» **Task objective**:
Leave out the pictures and retype exactly the lines from the line with "PS : Voici le" through the end of the listing below.

» **Input data**:
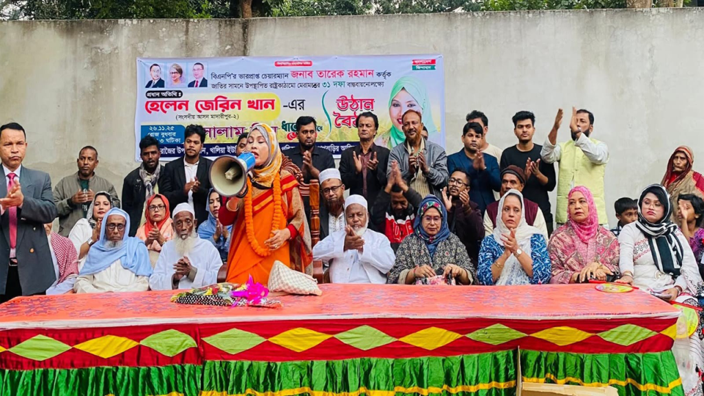 আজ ২৬ ডিসেম্বর ২০২৫ বুধবার বিকালে মাদারীপুরের রাজৈর উপজেলার পশ্চিম স্বরমঙ্গল গ্রামে শেখ বাড়িতে আগামীর রাষ্ট্রনায়ক জনাব তারেক রহমানের ৩১ দফা বাস্তবায়নে আয়োজিত এক উঠান বৈঠকে প্রধান অতিথি হিসেবে উপস্থিত ছিলেন মাদারীপুর – ২ সংসদীয় আসনে মনোনয়ন প্রার্থী বিএনপির কেন্দ্রীয় নির্বাহী কমিটির সহ শিক্ষা বিষয়ক সম্পাদক ও কেন্দ্রীয় মহিলা দলের সিনিয়র যুগ্ম সাধারণ সম্পাদক হেলেন জেরিন খান। অনুষ্ঠানে সভাপতিত্ব করেন রহম বেপারী।
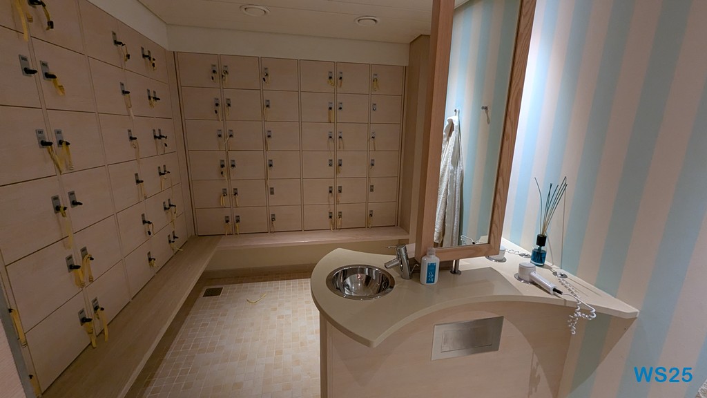 Es geht dann über eine Treppe ein Deck nach oben. Hier ist dann die Wahl, zu Toiletten, zu einer Umkleide, zur Sauna, zu Anwendungen oder in die eigentliche Oase zu gehen. Die Sauna ist inklusive, Anwendungen müssten extra bezahlt werden.
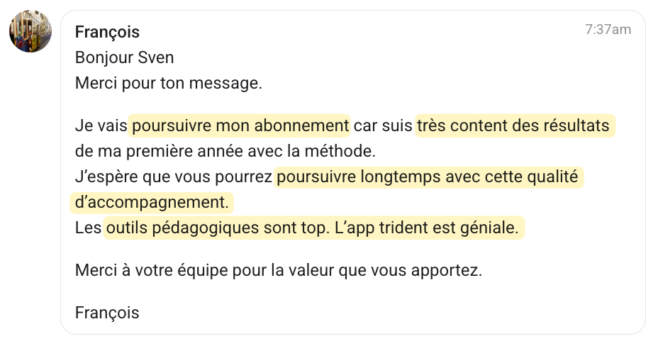 PS : Voici le retour que nous a fait François cette semaine avant de renouveler son abonnement à la Méthode Trident :
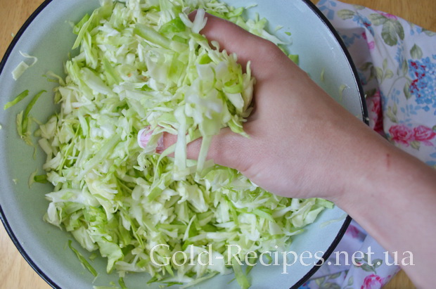 Капусту шинкуємо ножем, або за допомогою спеціальної терки. Далі слід капусту трохи присолити, і прим’яти руками.

» **Solved exercise**:
 PS : Voici le retour que nous a fait François cette semaine avant de renouveler son abonnement à la Méthode Trident :
 Капусту шинкуємо ножем, або за допомогою спеціальної терки. Далі слід капусту трохи присолити, і прим’яти руками.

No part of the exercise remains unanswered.